↓

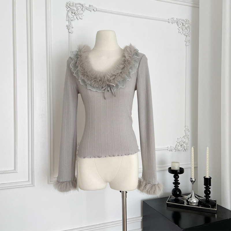 Cardigan Aderente da Donna in Maglia con Maniche Pelose e Inserti di Pelo Lungo, Cinturini Elastici e Design Corto ed Elegante
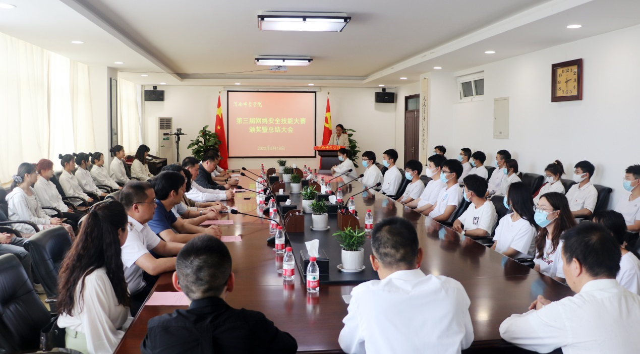 5月18日下午,由学校团委主办、计算机学院承办的渭南师范学院第三届网络安全技能大赛颁奖暨总结大会在厚德楼第二会议室举行。学校党委书记卓宇、党委副书记汪勇、副校长王菊霞出席大会,团委副书记肖飞、计算机学院党政负责人、各专业建设负责人、获奖学生等参加大会。大会由计算机学院党总支副书记武楠主持。
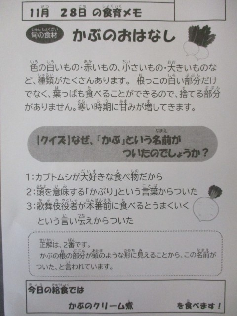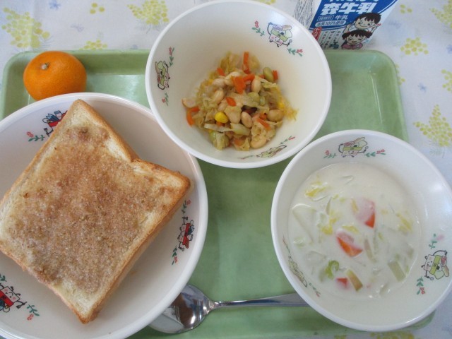 セサミトースト、かぶのクリーム煮、豆サラダ、果物(みかん)、牛乳
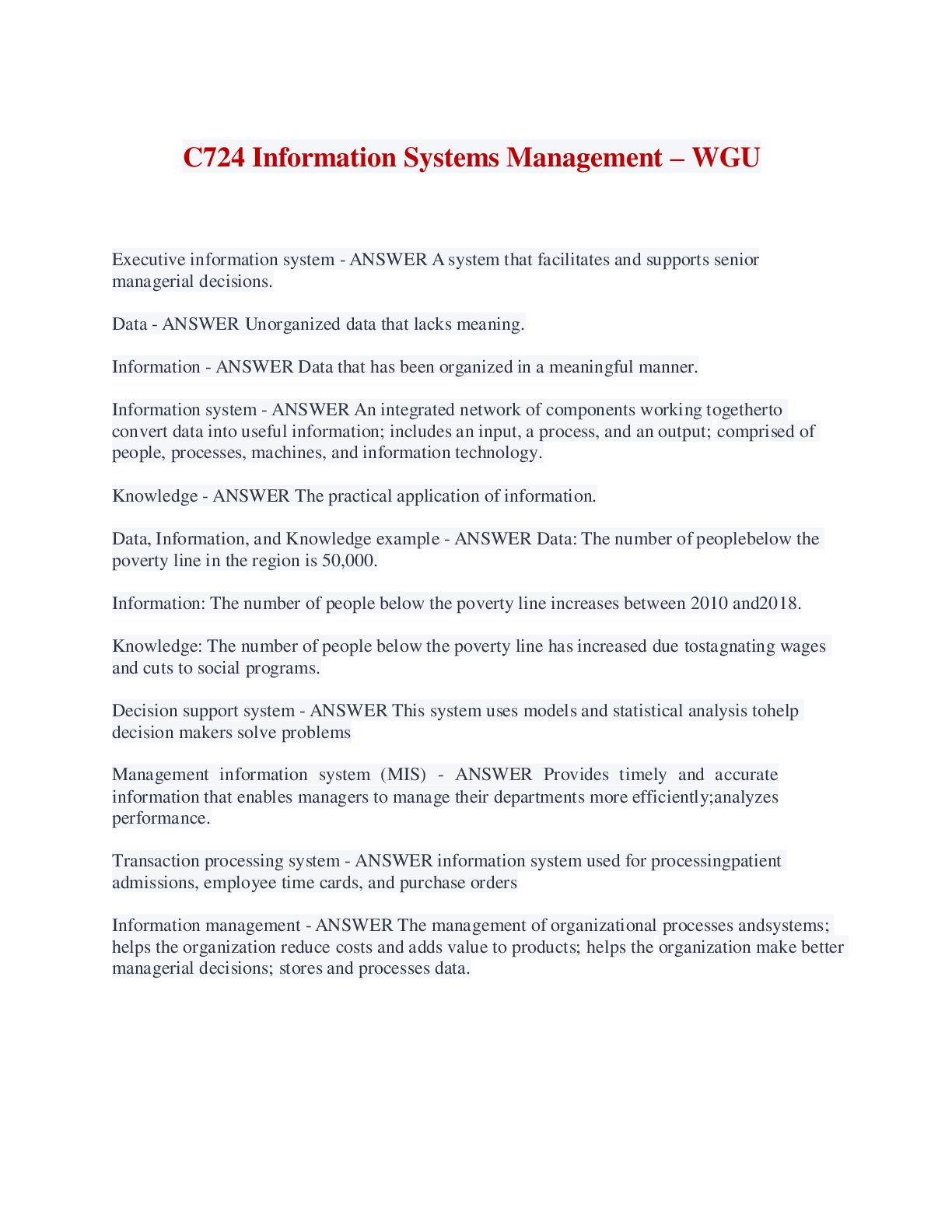 Information Technology > EXAM > C724 Information Systems Management – WGU (Complete Solutions) (All)
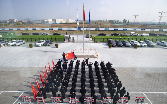 授旗仪式上,集团公司党委书记、董事长陈先瑞郑重地将鲜红的临时党支部旗帜递交到七个临时党支部书记手中,标志着项目临时党支部正式成立。全体党员在陈劲总工程师的带领下面对党旗,举起右拳,重温入党誓词。支部书记代表在发言中表示,项目临时党支部将在集团党委的带领下,围绕工程不同施工阶段,开展专题党建工作,切实把党员群众凝聚起来,奔着共同的目标不断开展创新活动,打造实时、先进、科学的模范临时党支部,为集团贡献一份力量,实现党建工作和项目生产经营互促互赢新局面。
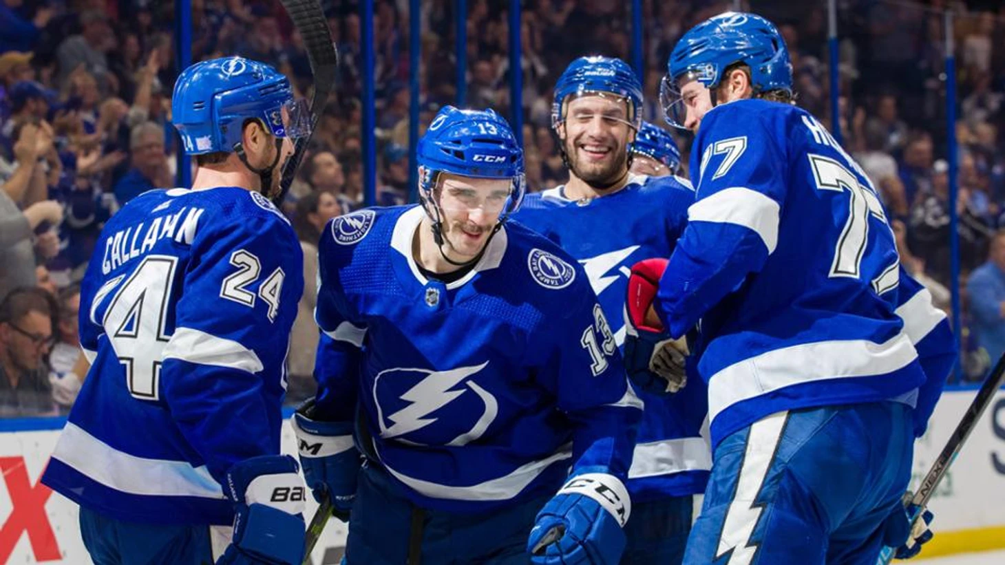 "Тампа-Бэй Лайтнинг"-"Нью-Джерси Дэвилз" 5:2.Брэйден Пойнт набрал 3 очка (2+1),Никита Кучеров отдал 2 результативные передачи,Луи Доминге отразил 33 броска."Молнии" выиграли 3 матч подряд.
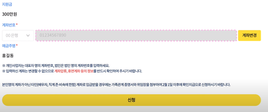 (9) 새희망자금 수령 이력이 있으면 계좌번호가 자동으로 입력되어 표시됩니다. 계좌번호도 변경이 가능하지만, 꼭 대표자명 혹은 법인명과 동일해야 합니다. 법인은 법인계좌번호를 입력하고, 입력한 계좌는 변경이 불가하므로, 사용이 가능한 계좌인지 미리 확인해주세요.
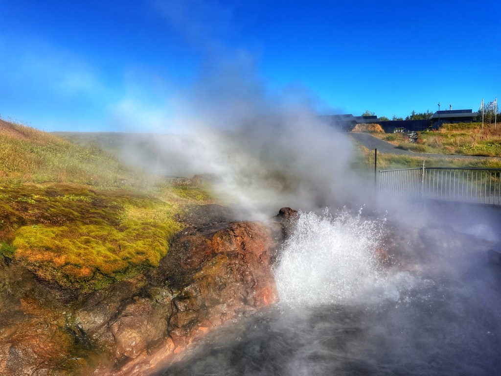 Nous partons maintenant vers le Champ géothermique de Geysir (temps de conduite: 50 mins). C’est un endroit impressionnant et très fréquenté par les touristes. Il y a beaucoup de commodités, comme un grand parking, des hôtels et une station-service. Nous n’avons qu’à traverser la route pour observer les geysers en activité. Geysir lui-même n’est plus actif, mais Strokkur est toujours en éruption aux 8 à 10 minutes. Il est préférable de venir tôt le matin ou en fin de journée, où il y a moins de monde (surtout avant ou après l’arrivée des bus touristiques qui font des excursions d’une journée).

↑

(What is needed)
Give back the whole listing exactly; no pictures.

(The completed task)
 Cardigan Aderente da Donna in Maglia con Maniche Pelose e Inserti di Pelo Lungo, Cinturini Elastici e Design Corto ed Elegante
 5月18日下午,由学校团委主办、计算机学院承办的渭南师范学院第三届网络安全技能大赛颁奖暨总结大会在厚德楼第二会议室举行。学校党委书记卓宇、党委副书记汪勇、副校长王菊霞出席大会,团委副书记肖飞、计算机学院党政负责人、各专业建设负责人、获奖学生等参加大会。大会由计算机学院党总支副书记武楠主持。
 セサミトースト、かぶのクリーム煮、豆サラダ、果物(みかん)、牛乳
 Information Technology > EXAM > C724 Information Systems Management – WGU (Complete Solutions) (All)
 授旗仪式上,集团公司党委书记、董事长陈先瑞郑重地将鲜红的临时党支部旗帜递交到七个临时党支部书记手中,标志着项目临时党支部正式成立。全体党员在陈劲总工程师的带领下面对党旗,举起右拳,重温入党誓词。支部书记代表在发言中表示,项目临时党支部将在集团党委的带领下,围绕工程不同施工阶段,开展专题党建工作,切实把党员群众凝聚起来,奔着共同的目标不断开展创新活动,打造实时、先进、科学的模范临时党支部,为集团贡献一份力量,实现党建工作和项目生产经营互促互赢新局面。
 "Тампа-Бэй Лайтнинг"-"Нью-Джерси Дэвилз" 5:2.Брэйден Пойнт набрал 3 очка (2+1),Никита Кучеров отдал 2 результативные передачи,Луи Доминге отразил 33 броска."Молнии" выиграли 3 матч подряд.
 (9) 새희망자금 수령 이력이 있으면 계좌번호가 자동으로 입력되어 표시됩니다. 계좌번호도 변경이 가능하지만, 꼭 대표자명 혹은 법인명과 동일해야 합니다. 법인은 법인계좌번호를 입력하고, 입력한 계좌는 변경이 불가하므로, 사용이 가능한 계좌인지 미리 확인해주세요.
 Nous partons maintenant vers le Champ géothermique de Geysir (temps de conduite: 50 mins). C’est un endroit impressionnant et très fréquenté par les touristes. Il y a beaucoup de commodités, comme un grand parking, des hôtels et une station-service. Nous n’avons qu’à traverser la route pour observer les geysers en activité. Geysir lui-même n’est plus actif, mais Strokkur est toujours en éruption aux 8 à 10 minutes. Il est préférable de venir tôt le matin ou en fin de journée, où il y a moins de monde (surtout avant ou après l’arrivée des bus touristiques qui font des excursions d’une journée).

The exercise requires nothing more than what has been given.